Why the post-editing paradigm is breaking down in the age of LLMs

Dr. Alon Lavie, VP of AI Research at Phrase

Strategic Advisor, AI

Last updated on May 22, 2026.

I recently had the opportunity to join Ana Guerber of Arenas on The Visible Art of Translation podcast, where we discussed the evolving role of machine translation and AI in literary and professional creative translation. What began as a broad conversation about quality and creativity quickly converged on a more fundamental question:

Overview

Are we still thinking about translation, and translation workflows, in the right way?

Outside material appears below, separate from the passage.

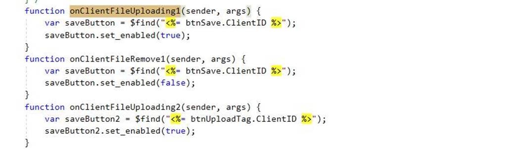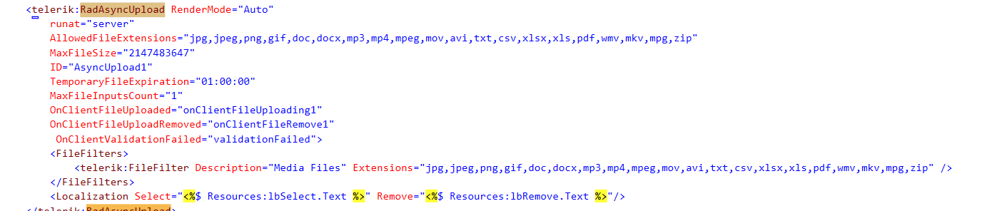 <telerik:RadAsyncUpload ID="radAsyncUpload" CssClass="hide4print" runat="server" MaxFileInputsCount="10" InitialFileInputsCount="1" MultipleFileSelection="Automatic" OnValidatingFile="RadAsyncUpload_ValidatingFile" />

This two-part article picks up that conversation, focusing on the implications for how translation quality is evaluated and how workflows are designed.

Over the past two decades, the field has made remarkable progress. Machine translation systems have improved dramatically, and automated evaluation metrics have become far more sophisticated. Yet, many of the workflows and assumptions that underpin how we use these technologies have remained largely unchanged.

With the emergence of large language models (LLMs), that mismatch is becoming increasingly visible.

Rethinking what “quality” actually means

A useful place to start is with the concept of translation quality itself.

In much of the industry, quality is often treated, implicitly or explicitly, as a single measurable dimension. In reality, it is far more complex. At a minimum, a high-quality translation must be faithful to the source and grammatically correct and fluent in the target language. These are necessary conditions.

They are not sufficient.

What constitutes an outstanding translation depends heavily on the context in which it is used. In literary translation, more creative qualities such as voice, nuance, and reader engagement become central. In medical or technical domains, clarity, precision, and terminological consistency dominate. In marketing, tone, cultural alignment, and brand voice take precedence.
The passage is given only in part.